I can deal with just stickering the door or something year round also, depending on the price of a big magnet. Does anyone letter their tailgate/bumper also?


----------



## scott3430 (Dec 28, 2010)

I like to letter the door or maybe just the rear windows - if your truck is a cc cab/ ext cab. Magnets always look tacky to me.


----------



## Triton2286 (Dec 29, 2011)

Nothing wrong with magnets. I'll go for lettering when I get a new truck in the spring but I grabbed two of these from Vistaprint for $10 each.

17.3"x11.25"



scott3430;1561452 said:


> I like to letter the door or maybe just the rear windows - if your truck is a cc cab/ ext cab.

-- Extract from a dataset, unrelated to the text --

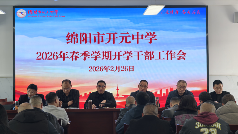 为了确保2026年春季开学各项工作平稳、有序、高效推进,明确新学期工作方向,凝聚管理共识,2月26日下午,绵阳市开元中学召开了以“凝心聚力启新程 笃行实干谋发展”为主题的2026年春开学干部工作会。该校领导班子成员及全体中层干部参会,会议全面部署新学期各项重点工作,为新学期学校高质量发展谋篇布局。会议由党委副书记、校长敬正雄主持。

I do agree with doing the back windows if you have them.


----------



## ringahding1 (Jan 16, 2010)

Some guys like the magnets, for us they just get too weathered. All lettering on everything, trailers, trucks....


----------



## leigh (Jan 2, 2009)

Couple of problems I had with magnets- No matter how much you clean under them they dull the paint underneath, If your truck is a dark color the paint can form tiny bubbles,people can pull them off.The wind can pull them off when they start getting old.Now for chick magnets ,that's a story for another day.....


----------



## ducaticorse (Oct 16, 2012)

Booo magnets... I've found them to look cheap and often just a tiny bit cockeyed after application. I spend the extra and letter the trucks. If you're on a budget, magnets will get you by, but try and make sure you color match the back ground as best you can to your truck.


----------



## thelettuceman (Nov 23, 2010)

leigh;1561631 said:


> Couple of problems I had with magnets- No matter how much you clean under them they dull the paint underneath, If your truck is a dark color the paint can form tiny bubbles,people can pull them off.The wind can pull them off when they start getting old.Now for chick magnets ,that's a story for another day.....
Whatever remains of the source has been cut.